### What you have to do
Could you give back exactly the lines below from the one with "Gene Kranz's brad-bound" through the one with "Non-restricted, semi auto, 12.", without a single picture?

### Dataset records
★ ★ ★ ★ ★ ★ ★
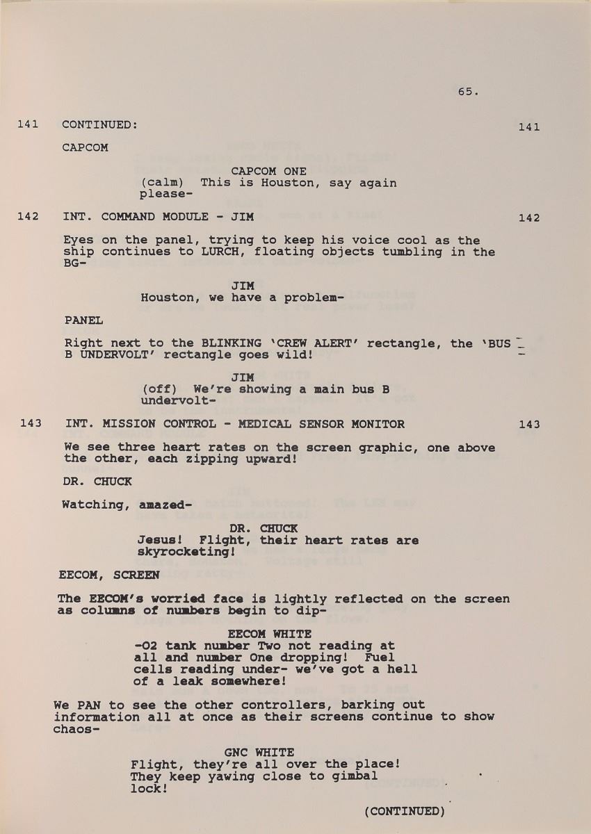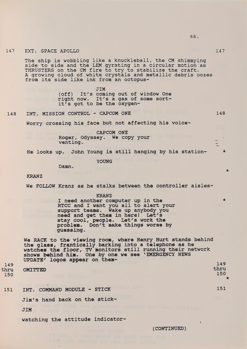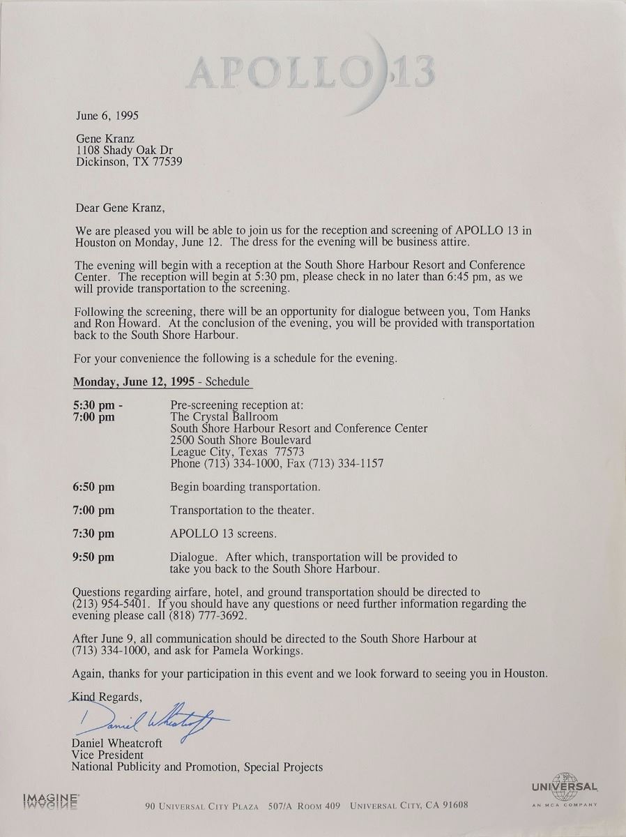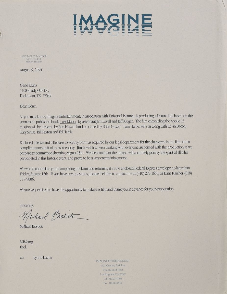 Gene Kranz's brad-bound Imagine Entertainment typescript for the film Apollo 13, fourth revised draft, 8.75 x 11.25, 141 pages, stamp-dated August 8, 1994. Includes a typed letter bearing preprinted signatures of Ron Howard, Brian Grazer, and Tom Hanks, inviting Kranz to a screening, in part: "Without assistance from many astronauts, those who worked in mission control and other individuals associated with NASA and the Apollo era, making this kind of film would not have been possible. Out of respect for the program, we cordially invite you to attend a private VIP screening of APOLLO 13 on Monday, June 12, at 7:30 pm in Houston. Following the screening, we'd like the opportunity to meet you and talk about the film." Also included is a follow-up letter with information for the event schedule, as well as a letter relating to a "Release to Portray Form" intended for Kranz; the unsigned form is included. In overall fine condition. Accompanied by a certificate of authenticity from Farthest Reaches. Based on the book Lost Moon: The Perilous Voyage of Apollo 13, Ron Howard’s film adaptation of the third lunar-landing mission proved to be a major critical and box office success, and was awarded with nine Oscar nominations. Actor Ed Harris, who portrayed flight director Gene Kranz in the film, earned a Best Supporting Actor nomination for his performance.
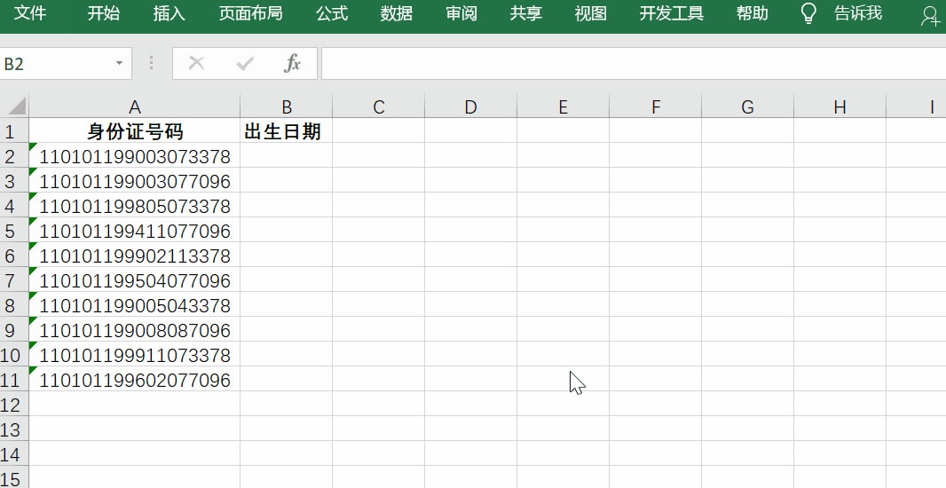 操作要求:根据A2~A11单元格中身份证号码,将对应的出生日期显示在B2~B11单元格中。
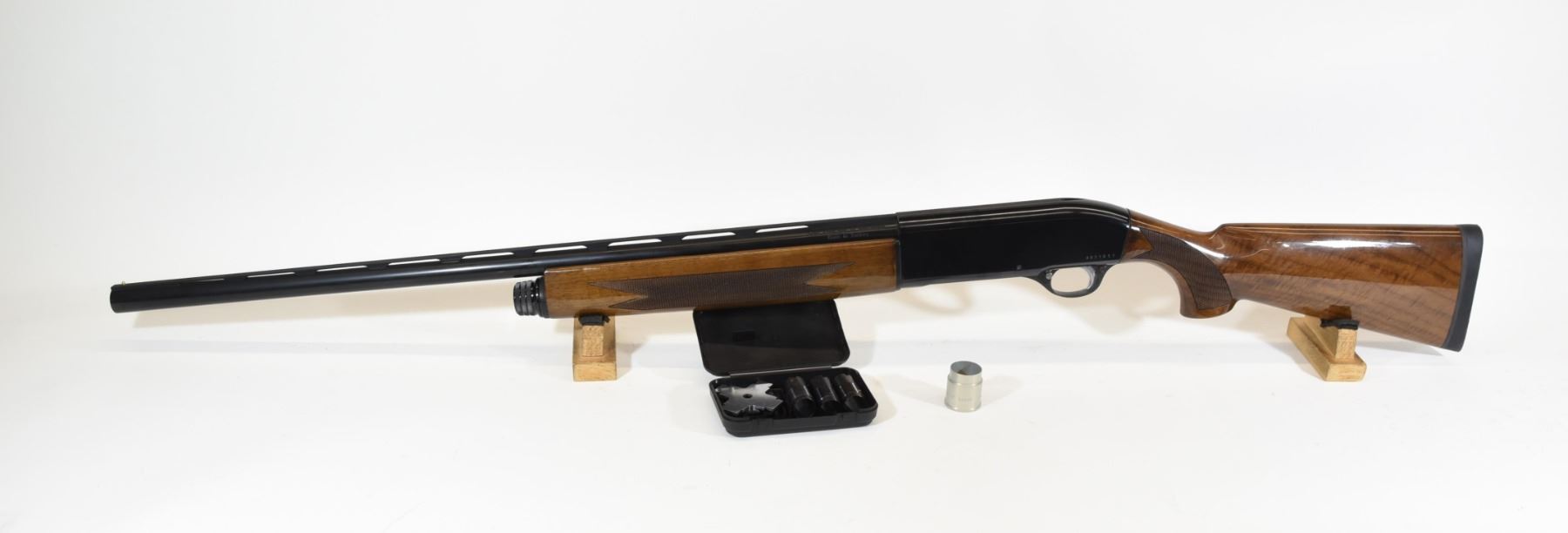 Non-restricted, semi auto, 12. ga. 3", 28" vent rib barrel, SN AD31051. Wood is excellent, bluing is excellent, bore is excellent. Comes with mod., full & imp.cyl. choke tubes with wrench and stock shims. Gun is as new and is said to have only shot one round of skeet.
★ ★ ★ ★ ★ ★ ★
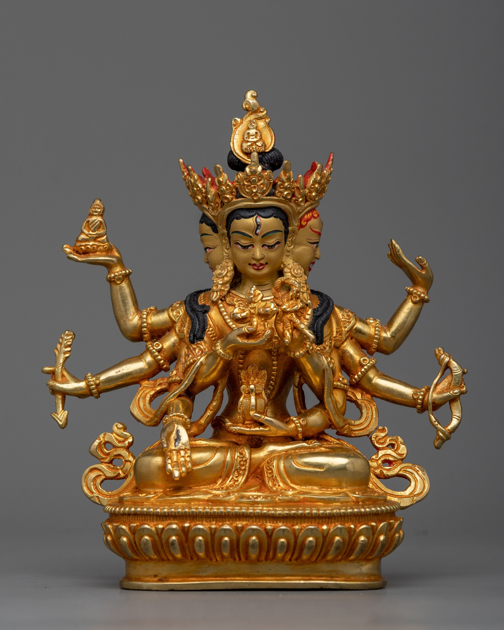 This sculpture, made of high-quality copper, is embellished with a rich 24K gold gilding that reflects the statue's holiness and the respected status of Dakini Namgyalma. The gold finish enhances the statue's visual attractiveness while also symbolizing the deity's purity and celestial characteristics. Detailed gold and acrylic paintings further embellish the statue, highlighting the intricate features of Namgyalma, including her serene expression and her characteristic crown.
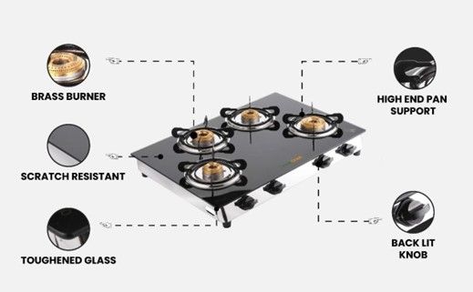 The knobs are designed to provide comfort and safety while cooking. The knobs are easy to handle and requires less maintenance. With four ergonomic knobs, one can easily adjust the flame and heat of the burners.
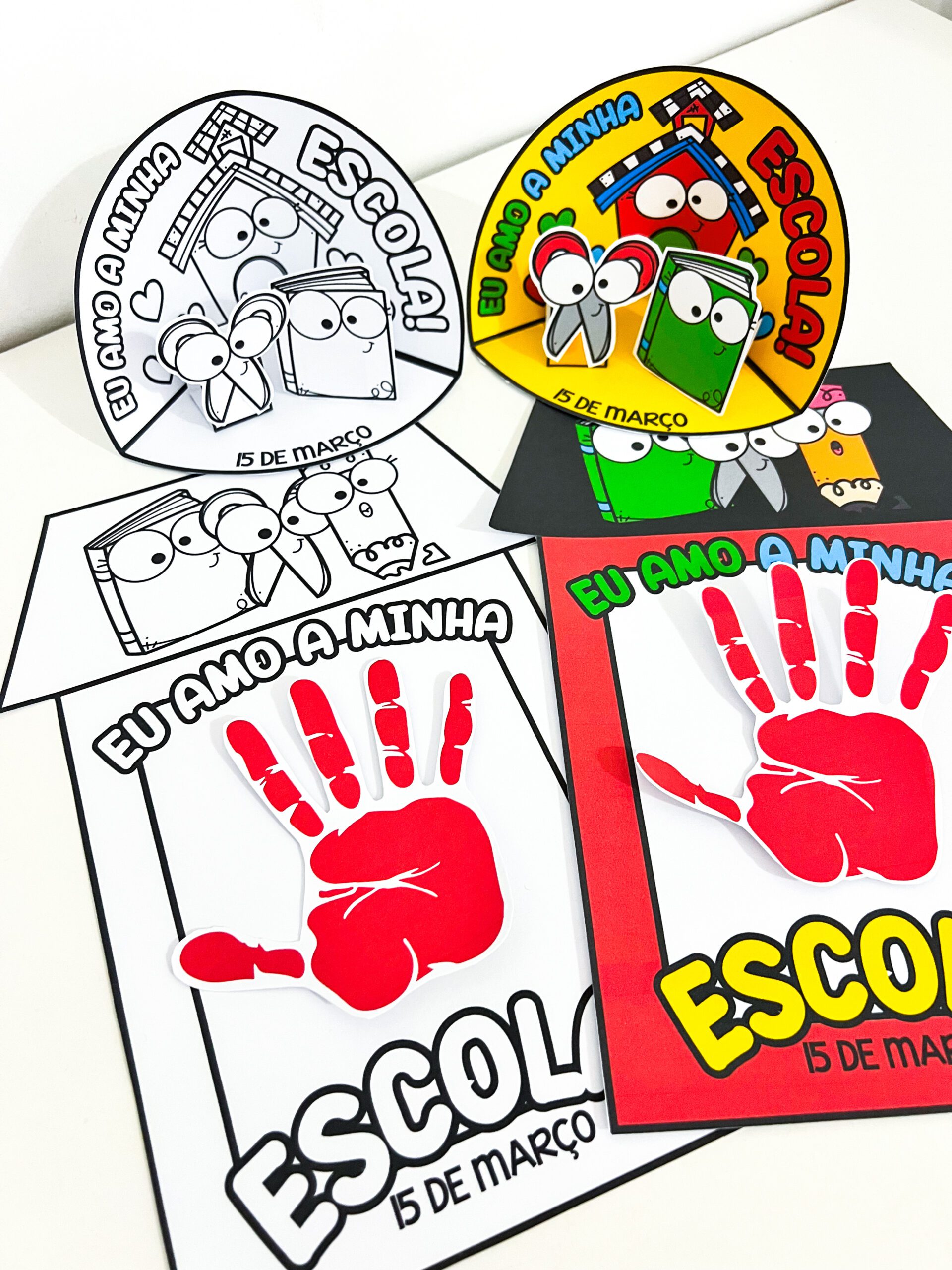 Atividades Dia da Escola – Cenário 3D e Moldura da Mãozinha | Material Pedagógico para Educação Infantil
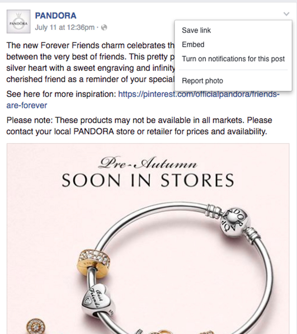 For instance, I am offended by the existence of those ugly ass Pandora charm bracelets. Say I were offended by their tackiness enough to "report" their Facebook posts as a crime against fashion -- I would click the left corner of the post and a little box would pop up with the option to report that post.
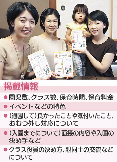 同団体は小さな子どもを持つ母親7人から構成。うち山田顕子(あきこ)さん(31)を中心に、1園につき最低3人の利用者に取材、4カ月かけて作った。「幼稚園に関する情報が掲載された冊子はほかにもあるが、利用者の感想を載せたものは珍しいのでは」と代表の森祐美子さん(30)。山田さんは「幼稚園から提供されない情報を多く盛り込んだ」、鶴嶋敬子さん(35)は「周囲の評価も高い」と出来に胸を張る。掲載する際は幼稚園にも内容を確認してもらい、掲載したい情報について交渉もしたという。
★ ★ ★ ★ ★ ★ ★
### Your response
 Gene Kranz's brad-bound Imagine Entertainment typescript for the film Apollo 13, fourth revised draft, 8.75 x 11.25, 141 pages, stamp-dated August 8, 1994. Includes a typed letter bearing preprinted signatures of Ron Howard, Brian Grazer, and Tom Hanks, inviting Kranz to a screening, in part: "Without assistance from many astronauts, those who worked in mission control and other individuals associated with NASA and the Apollo era, making this kind of film would not have been possible. Out of respect for the program, we cordially invite you to attend a private VIP screening of APOLLO 13 on Monday, June 12, at 7:30 pm in Houston. Following the screening, we'd like the opportunity to meet you and talk about the film." Also included is a follow-up letter with information for the event schedule, as well as a letter relating to a "Release to Portray Form" intended for Kranz; the unsigned form is included. In overall fine condition. Accompanied by a certificate of authenticity from Farthest Reaches. Based on the book Lost Moon: The Perilous Voyage of Apollo 13, Ron Howard’s film adaptation of the third lunar-landing mission proved to be a major critical and box office success, and was awarded with nine Oscar nominations. Actor Ed Harris, who portrayed flight director Gene Kranz in the film, earned a Best Supporting Actor nomination for his performance.
 操作要求:根据A2~A11单元格中身份证号码,将对应的出生日期显示在B2~B11单元格中。
 Non-restricted, semi auto, 12. ga. 3", 28" vent rib barrel, SN AD31051. Wood is excellent, bluing is excellent, bore is excellent. Comes with mod., full & imp.cyl. choke tubes with wrench and stock shims. Gun is as new and is said to have only shot one round of skeet.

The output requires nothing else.